Nasza Loteria NaM - pasek na kartach artykułów

Rzecznik Praw Obywatelskich chce zastopować budowę kurzej fermy w okolicach Kruszynian. Skarży decyzję ze względu na.. stronniczego biegłego

Martyna Tochwin
Martyna Tochwin
pixabay.com
Rzecznik Praw Obywatelskich zaskarżył decyzję administracyjną, którą otwierała drogę do wybudowania pod Kruszynianami przemysłowej fermy drobiu. Jako zarzut wysunął fakt, że dowodem w sprawie była opinia biegłego, który zdaniem rzecznika otwarcie dyskredytował mieszkańców Kruszynian sprzeciwiających się fermom, a chwalił zamiary inwestora.

Zezwolenie środowiskowe na kontrowersyjną inwestycję wydało Samorządowe Kolegium Odwoławcze w Białymstoku. I właśnie tę decyzję zaskarżył RPO.

Jako zarzut wysunął fakt, że dowodem w sprawie była opinia biegłego, który zdaniem rzecznika otwarcie dyskredytował mieszkańców Kruszynian sprzeciwiających się fermom, a chwalił zamiary inwestora.

Zdaniem rzecznika, taka sytuacja jest niedopuszczalna.

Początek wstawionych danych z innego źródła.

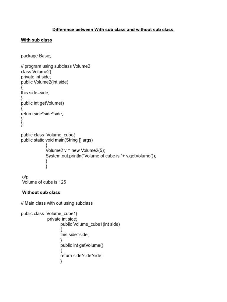 Difference Between With Sub Class and Without Sub Class | PDF | Class ...

Bo zamiast skoncentrować się na analizie i prawdziwości danych zawartych w dokumentach złożonych przez inwestora, pozwolił sobie na subiektywną ocenę przeciwników inwestycji i ruchów ekologicznych.

– Biegły skrytykował postawę przeciwników ferm hodowlanych. Stwierdził m.in., że jest ona przejawem traktowania Podlasia jako „skansenu przyrodniczego (pozbawionego rozwoju gospodarczego), opartego na turystyce”. Samą inwestycję biegły wprost zaaprobował, uznając że wybór miejsca na fermę w Kruszynianach jest trafny i dobry. Ze słów biegłego wynika, że sprzeciwianie się fermom drobiu przez mieszkańców Kruszynian uważa za sposób „torpedowania rozwoju gospodarczego”, a podnoszone przez nich argumenty za „emocjonalne i nieobiektywne”. Biegły przyrównywał mieszkańców do ekologów broniących doliny Rospudy, ubolewając, że ich działania miały „obciążyć Skarb Państwa olbrzymimi dodatkowymi wydatkami” – podnosi w uzasadnieniu skargi Rzecznik Praw Obywatelskich.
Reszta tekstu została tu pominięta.